• The problem: Wherever a picture appears, leave it out, and transcribe the rest of the records exactly.

Items from a data source
++++

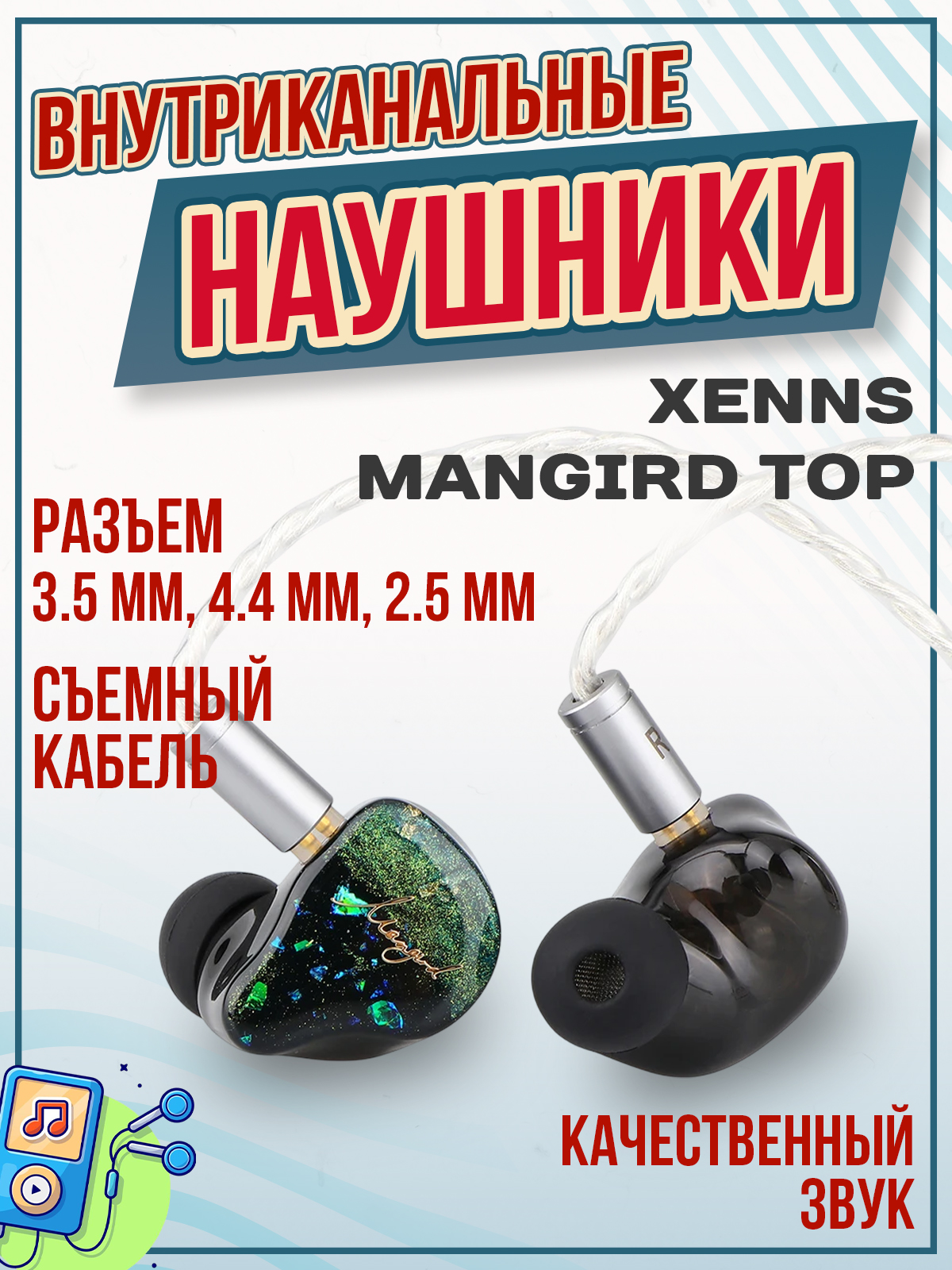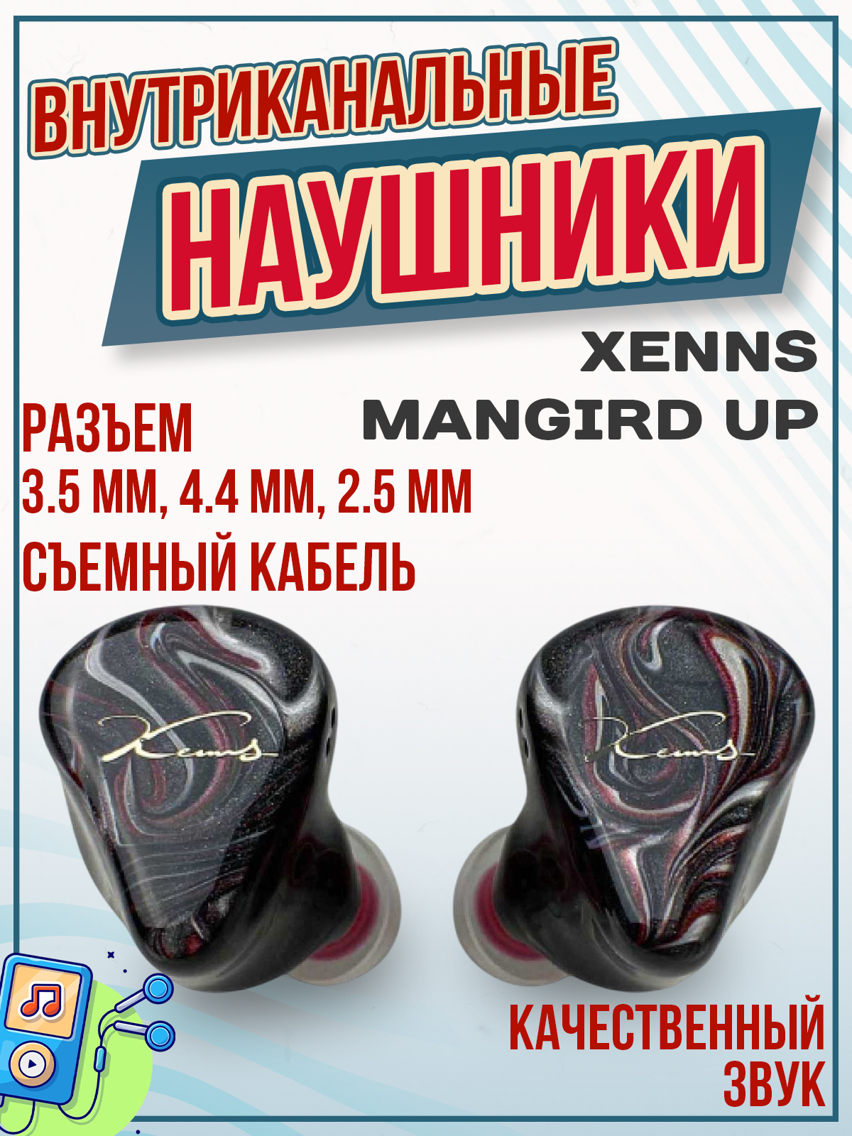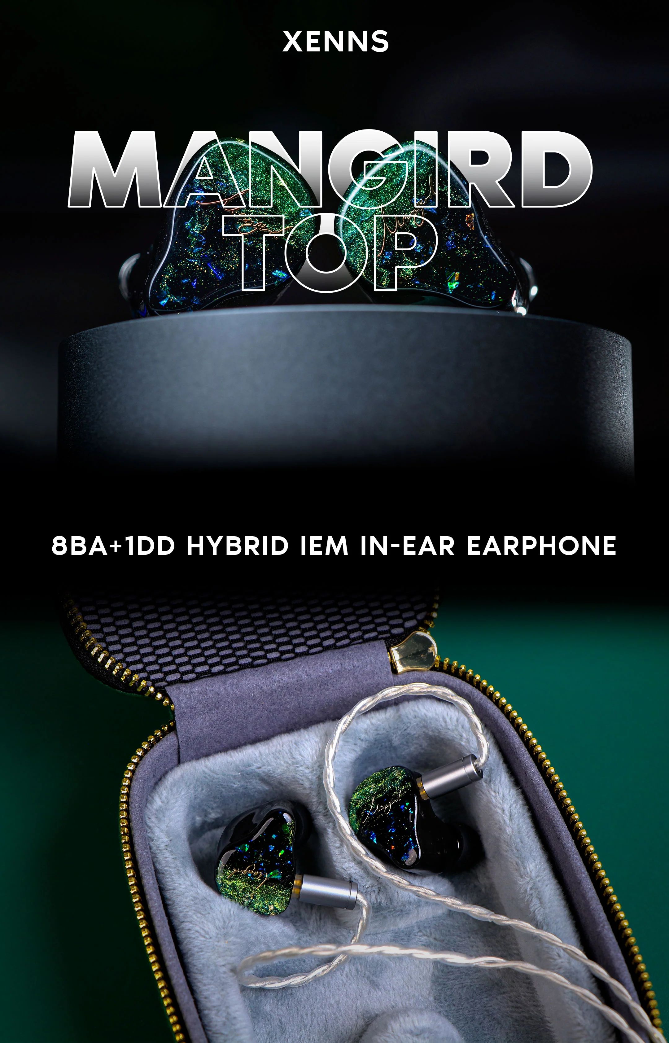 XENNS Mangird Up использует гибридную схему для комбинирования Sonion EST65DA01 сверхвысокочастотного драйвера, двух высокочастотных драйверов Sonion, двух среднечастотных драйверов серии Sonion 2300 и одного динамического драйвера с бериллиевым покрытием 10 мм для басов.
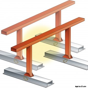 私の4×6フィートの牛の警備員は、フェンスラインの2つの枕木に座っています。これは、8インチ間隔の1½インチの井戸パイプから構築されています。井戸パイプは3×3インチの山形鋼に溶接されています。パイプに溶接されているのは4つのランプ(それぞれが10×12インチ)であり、 5
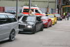 Nachdem der Himmel am Sonntagmorgen dunkel verhangen und die Lufttemperatur auch nicht gerade gemütlich war, fuhren dennoch nach Öffnung der Einfahrt wieder reihenweise die Mercedes-Fans auf das Gelände. So konnten die Besucher ab elf Uhr die ersten SCHÖNEN STERNE, die sich an der Bühne für die anstehende Pokalvergabe präsentierten, bestaunen und begutachten.
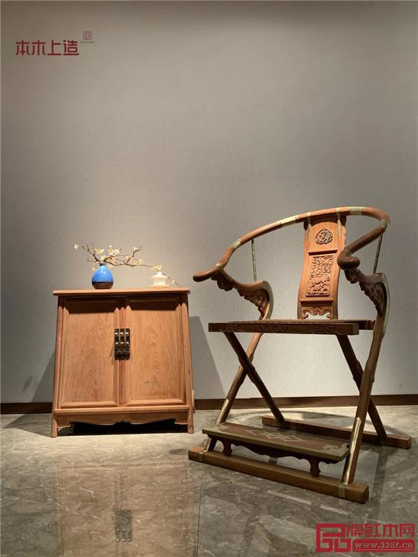 圓形椅圈大體上可由三至五段形成,均為大料挖做,再結合榫卯結構,使其嚴實密縫。其接榫處、踏床面板處加以金屬飾件,而金屬葉片與家具結合相得益彰,渾然一體,相輔相成,即為裝飾也可加固。
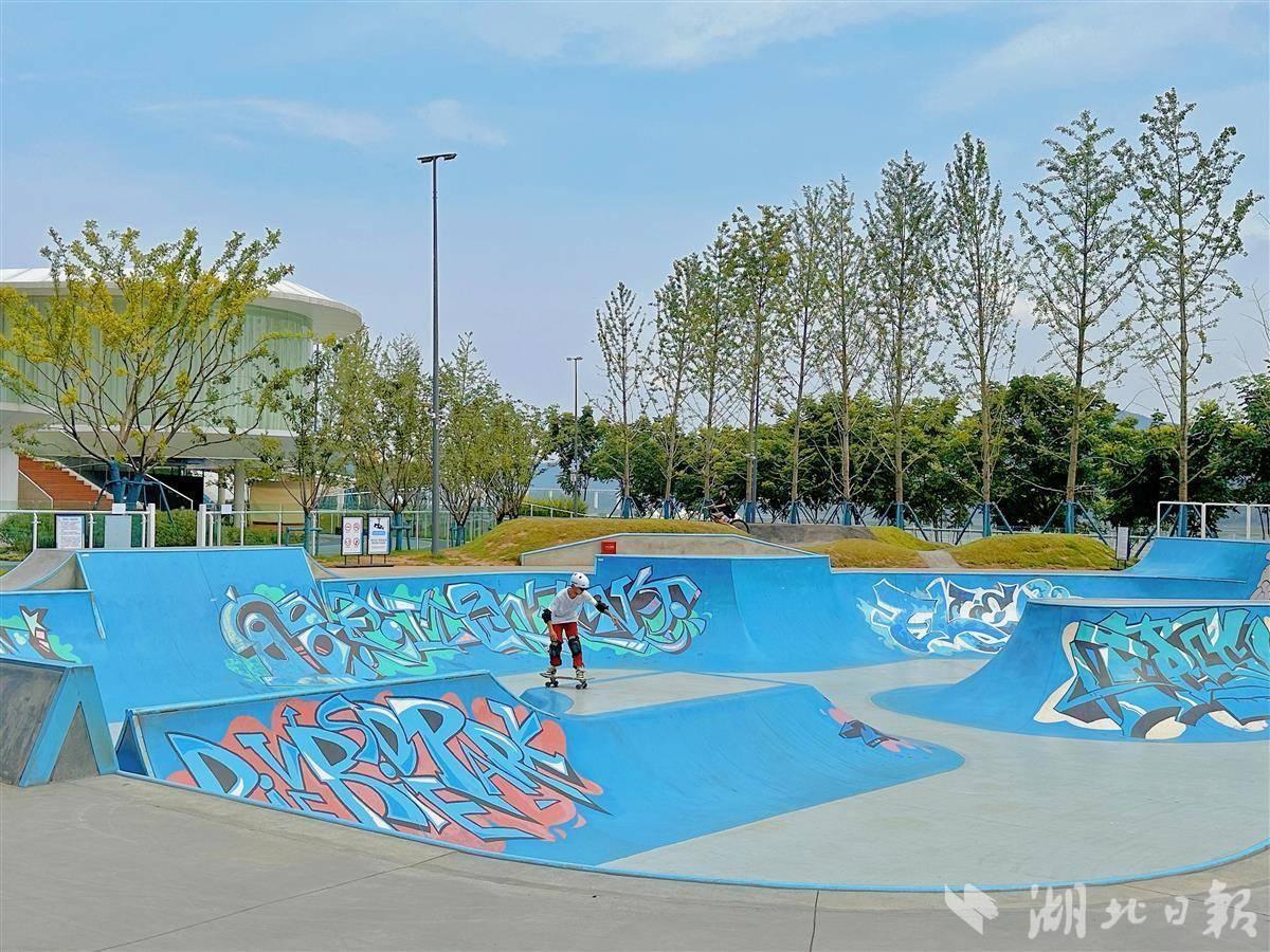 滨江公园活力区打造极限运动区,滑板碗池、BMX小轮车越野赛道吸引了不少潮酷少年。(湖北日报全媒记者刘宇摄)
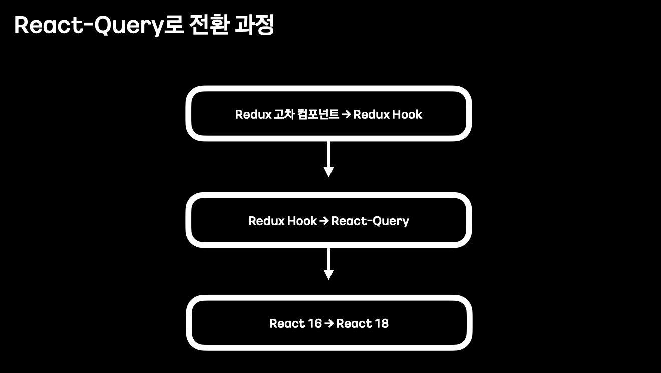 Redux에서 React-Query로 전환 과정을 정리하면 다음과 같습니다.

++++

• Output below:
 XENNS Mangird Up использует гибридную схему для комбинирования Sonion EST65DA01 сверхвысокочастотного драйвера, двух высокочастотных драйверов Sonion, двух среднечастотных драйверов серии Sonion 2300 и одного динамического драйвера с бериллиевым покрытием 10 мм для басов.
 私の4×6フィートの牛の警備員は、フェンスラインの2つの枕木に座っています。これは、8インチ間隔の1½インチの井戸パイプから構築されています。井戸パイプは3×3インチの山形鋼に溶接されています。パイプに溶接されているのは4つのランプ(それぞれが10×12インチ)であり、 5
 Nachdem der Himmel am Sonntagmorgen dunkel verhangen und die Lufttemperatur auch nicht gerade gemütlich war, fuhren dennoch nach Öffnung der Einfahrt wieder reihenweise die Mercedes-Fans auf das Gelände. So konnten die Besucher ab elf Uhr die ersten SCHÖNEN STERNE, die sich an der Bühne für die anstehende Pokalvergabe präsentierten, bestaunen und begutachten.
 圓形椅圈大體上可由三至五段形成,均為大料挖做,再結合榫卯結構,使其嚴實密縫。其接榫處、踏床面板處加以金屬飾件,而金屬葉片與家具結合相得益彰,渾然一體,相輔相成,即為裝飾也可加固。
 滨江公园活力区打造极限运动区,滑板碗池、BMX小轮车越野赛道吸引了不少潮酷少年。(湖北日报全媒记者刘宇摄)
 Redux에서 React-Query로 전환 과정을 정리하면 다음과 같습니다.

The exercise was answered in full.